Would you print only the lines running from the one with "Tiens, des hommes" to the final line of the data below, word for word and without pictures?

* _COLLECTED DATA_:
BEGIN

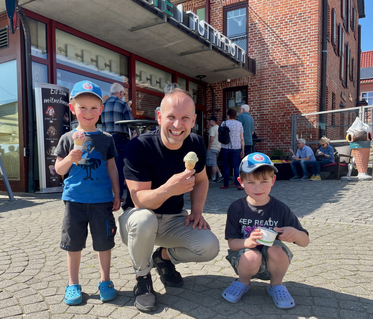 Am Warener Hafen gibt’s was zu feiern: Vlado Onufrak betreibt im alten Hafenspeicher nun schon seit 20 Jahren das Restaurant „Venezia“ und das Eiscafé „Tutti Frutti“. Er selbst ist zwar schon länger Warener, hat zunächst in der Friedensstraße gearbeitet, aber an den Hafen kam er er erst 2004. Mit seinen Angeboten hat er – da sind sich Einheimische und Urlauber einig – viel zur Belebung und Attraktivität des Warener Aushängeschildes beigetragen. Doch Vlado möchte dieses Jubiläum nicht alleine feiern, sondern gibt sozusagen einen aus. Am kommenden Dienstag, 7. Mai, erhält jedes Kind eine Kugel Eis gratis. Für die Erwachsenen gibt’s Pizza und Pasta an diesem Tag zum halben Preis. Die kleinen Hansa-Fans Anton und Hans haben mit Valdo schon mal die verschiedenen Eissorten durchprobiert und für sehr gut befunden.
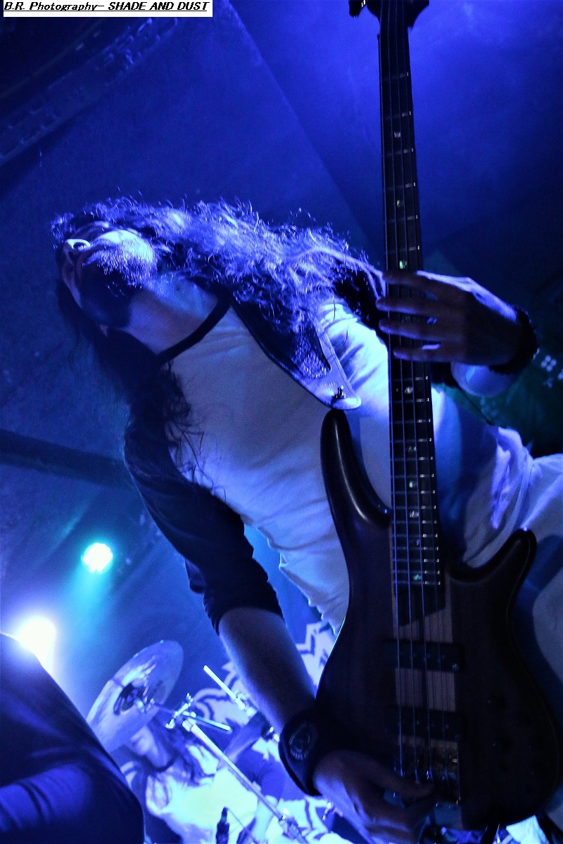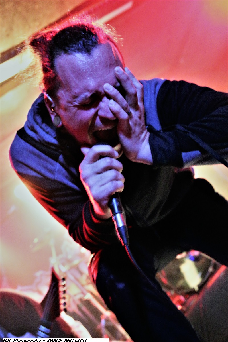 Tiens, des hommes en blanc sur scène, mais ce sont les Nantais de SHADE AND DUST qui se présentent à nous. Leur death se veut progressif surtout pour les premiers titres car ensuite on nous « rentre dans le lard » sans prévenir et ça fait mal, très mal, enfin on aime ce genre de prestation offert par un groupe qui sort des sentiers battus, c'était bon enfin quoi !
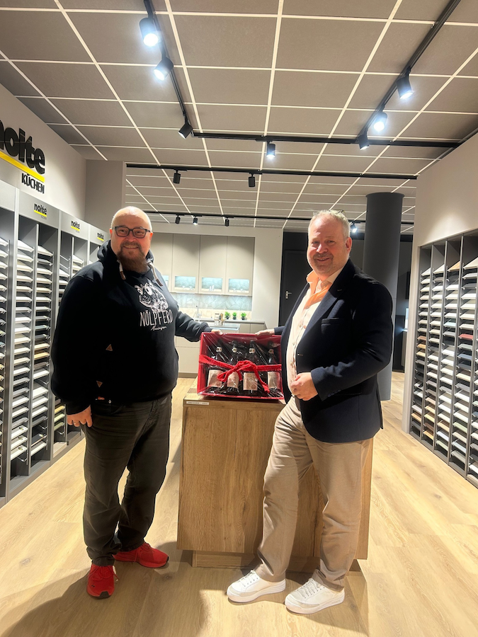 Küchen Areal Regionalleiter Hansjürgen Brag gratuliert Inhaber Ralf Bartsch im Namen des Verbands. Foto: Garant
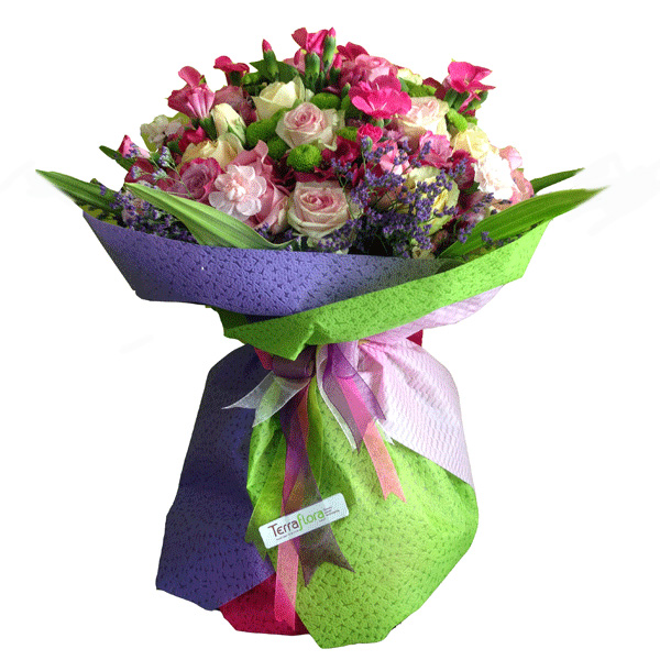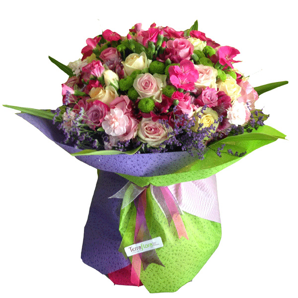 The rainbow is a mix of Green peace, Dianthus, Roses and Limonium to color up the day of your dearest

END

* _SOLUTION_:
 Tiens, des hommes en blanc sur scène, mais ce sont les Nantais de SHADE AND DUST qui se présentent à nous. Leur death se veut progressif surtout pour les premiers titres car ensuite on nous « rentre dans le lard » sans prévenir et ça fait mal, très mal, enfin on aime ce genre de prestation offert par un groupe qui sort des sentiers battus, c'était bon enfin quoi !
 Küchen Areal Regionalleiter Hansjürgen Brag gratuliert Inhaber Ralf Bartsch im Namen des Verbands. Foto: Garant
 The rainbow is a mix of Green peace, Dianthus, Roses and Limonium to color up the day of your dearest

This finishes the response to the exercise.